## WORK ORDER
Output all of the data exactly, keeping any images out of the copy.

## DATA EXTRACT
++++

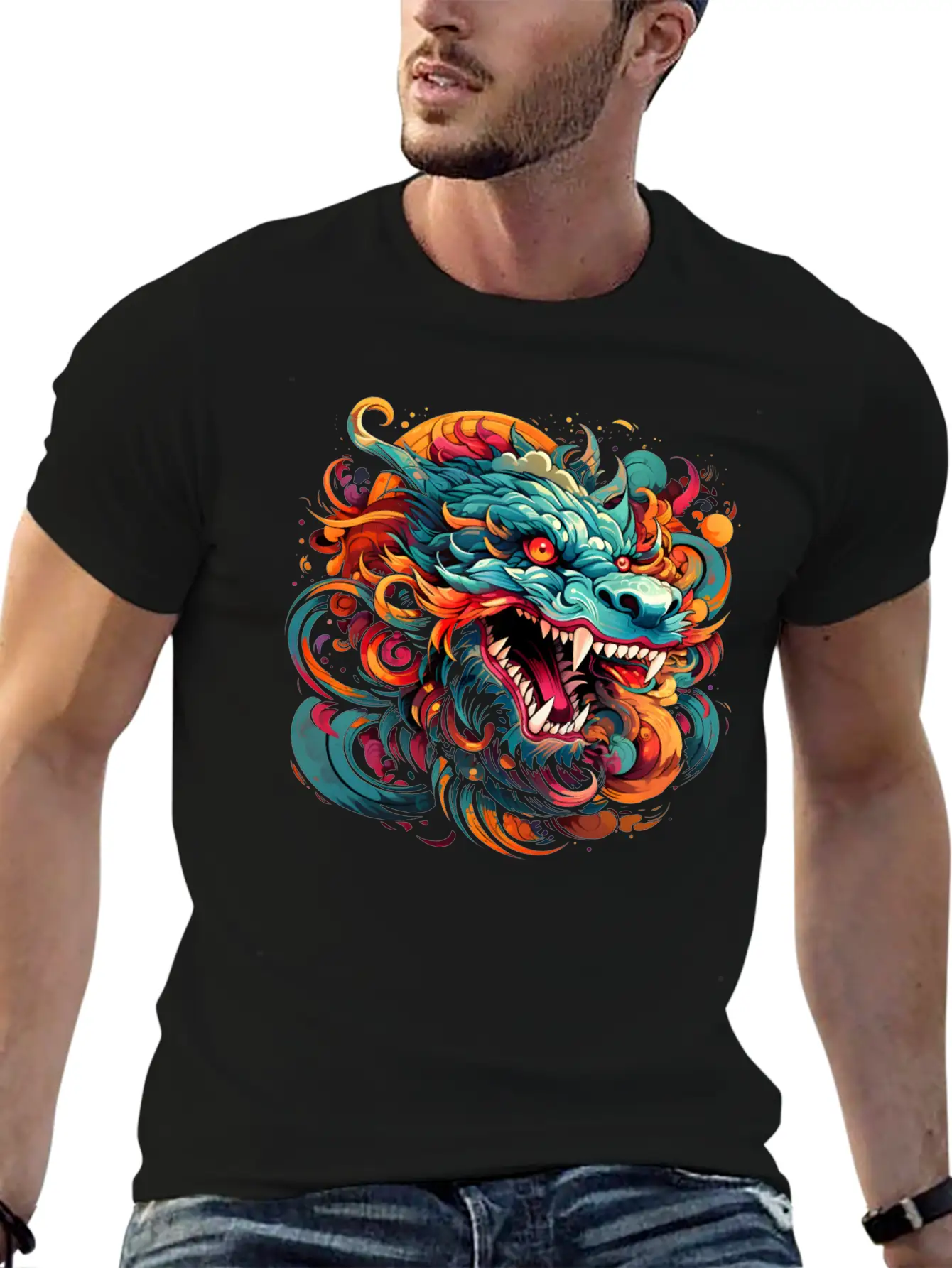 Modern Oriental Dragon Majesty Basic Graphic T-Shirt – Daily Comfort In Soft Cotton
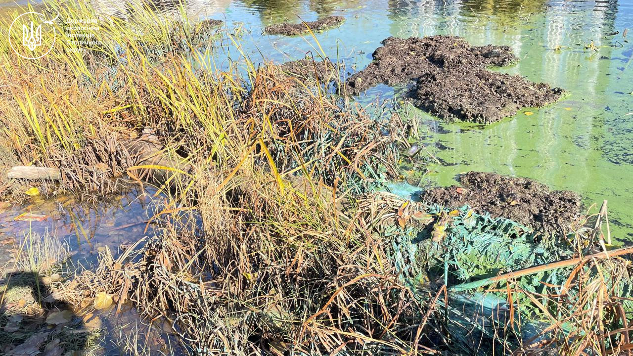 Інспекторами встановлено наявність забарвлення води синьо-зеленого кольору поблизу берега та на бетонних плитах. Забарвлення має природне походження і пов’язане з процесами розкладання органічних залишків (водоростей та очерету), що утворилися після проведення робіт з розчищення.
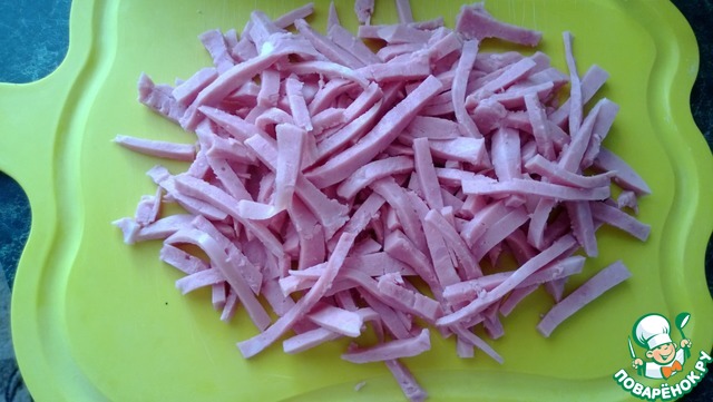Сверху на тесто выкладываем нарезанную ветчину, натертый сыр, листовой салат. Все хорошенько разравниваем и заливаем приготовленной заливкой. Отправляем пирог в разогретую до 180 гр. духовку и выпекаем 45 минут.
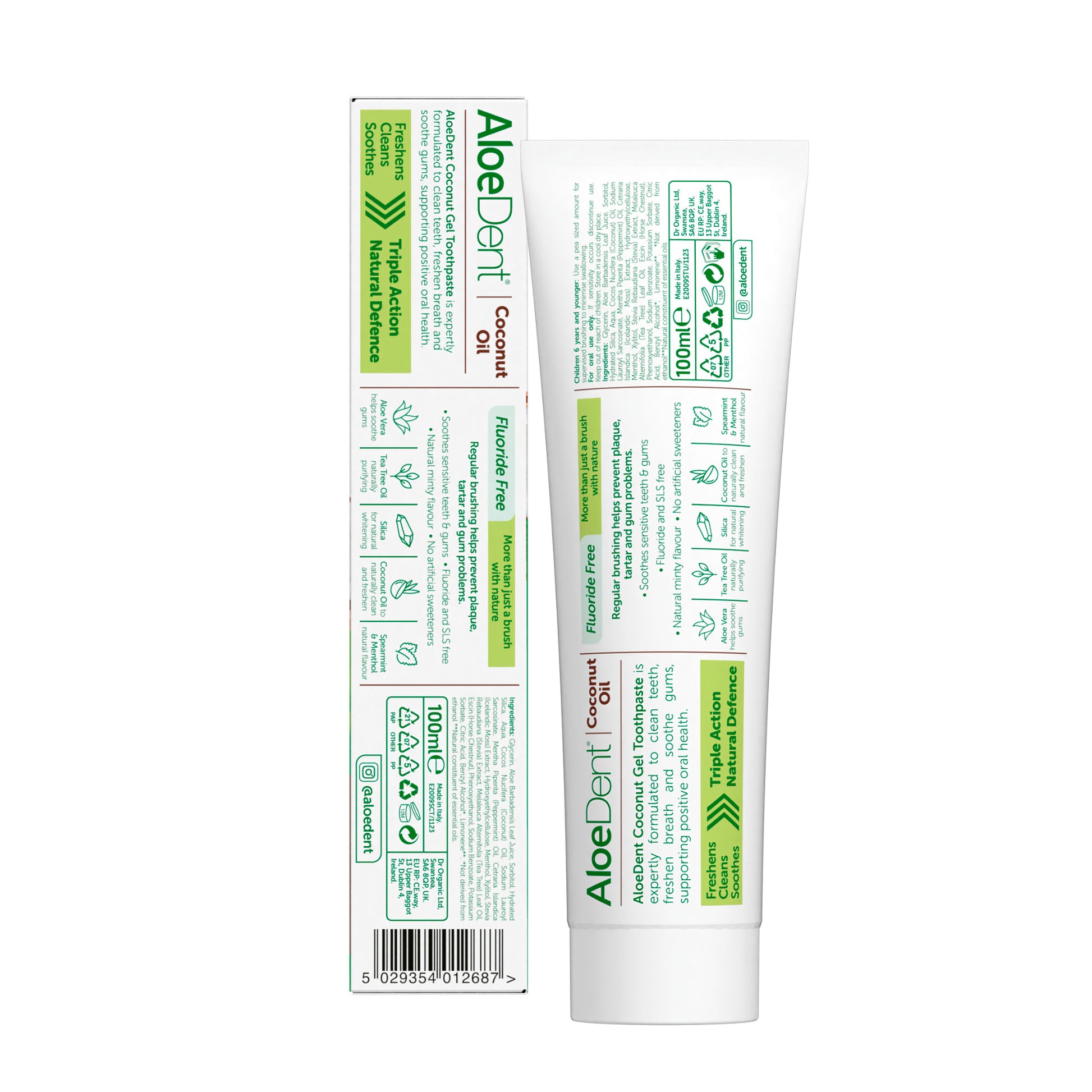 AloeDent Aloe vera Triple Action Coconut Fluoride Free Gel Toothpaste 100ml X 10
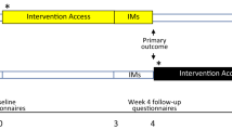 Sensitivity analyses were completed for variation in Bayesian priors or model used, and to assess impact of outliers and missing data imputation (Supplementary Figs. 4–7). There was no considerable variation in the posterior distributions of our model parameters when varying the Bayesian prior or model used. Outliers were identified as observations with large residuals and large Cook’s distance and leverage; analyses excluding these outliers led to the same pattern of results. In the final analyses, only two participants (one on immediate arm, and one on delayed arm) had one value in their week 4 daily IM diary imputed; analyses excluding these participants also led to similar results (Supplementary Information and Supplementary Fig. 7).
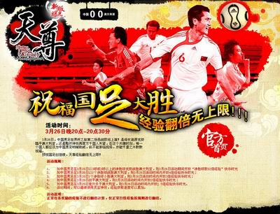 虽然在上半场比赛中国足暂时与对手战平,但《天尊Online》的玩家却对国足充满信心,更是在游戏中、论坛上、QQ群里热切关注着这场比赛。不仅仅因为这场比赛对中国男足的世界杯之旅意义重大,更因为根据比赛结果的不同,玩家将可能享受到《天尊Online》送出的超级经验回报。
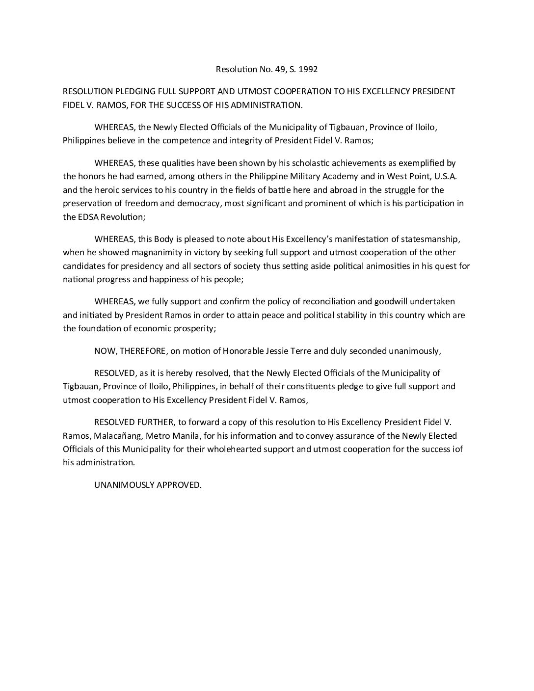 Resolution No. 92-049
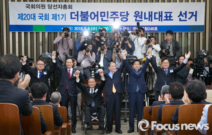 (서울=포커스뉴스) 4일 오후 서울 여의도 국회에서 열린 더불어민주당 20대 국회 1기 원내대표 선출을 위한 당선자 총회에 참석한 원내대표 후보들이 취재진을 향해 포즈를 취하고 있다. 왼쪽부터 민병두, 우상호, 이상민, 강창일, 노웅래, 우원식 후보.

++++

## SOLUTION TO THIS TASK
 Modern Oriental Dragon Majesty Basic Graphic T-Shirt – Daily Comfort In Soft Cotton
 Інспекторами встановлено наявність забарвлення води синьо-зеленого кольору поблизу берега та на бетонних плитах. Забарвлення має природне походження і пов’язане з процесами розкладання органічних залишків (водоростей та очерету), що утворилися після проведення робіт з розчищення.
Сверху на тесто выкладываем нарезанную ветчину, натертый сыр, листовой салат. Все хорошенько разравниваем и заливаем приготовленной заливкой. Отправляем пирог в разогретую до 180 гр. духовку и выпекаем 45 минут.
 AloeDent Aloe vera Triple Action Coconut Fluoride Free Gel Toothpaste 100ml X 10
 Sensitivity analyses were completed for variation in Bayesian priors or model used, and to assess impact of outliers and missing data imputation (Supplementary Figs. 4–7). There was no considerable variation in the posterior distributions of our model parameters when varying the Bayesian prior or model used. Outliers were identified as observations with large residuals and large Cook’s distance and leverage; analyses excluding these outliers led to the same pattern of results. In the final analyses, only two participants (one on immediate arm, and one on delayed arm) had one value in their week 4 daily IM diary imputed; analyses excluding these participants also led to similar results (Supplementary Information and Supplementary Fig. 7).
 虽然在上半场比赛中国足暂时与对手战平,但《天尊Online》的玩家却对国足充满信心,更是在游戏中、论坛上、QQ群里热切关注着这场比赛。不仅仅因为这场比赛对中国男足的世界杯之旅意义重大,更因为根据比赛结果的不同,玩家将可能享受到《天尊Online》送出的超级经验回报。
 Resolution No. 92-049
 (서울=포커스뉴스) 4일 오후 서울 여의도 국회에서 열린 더불어민주당 20대 국회 1기 원내대표 선출을 위한 당선자 총회에 참석한 원내대표 후보들이 취재진을 향해 포즈를 취하고 있다. 왼쪽부터 민병두, 우상호, 이상민, 강창일, 노웅래, 우원식 후보.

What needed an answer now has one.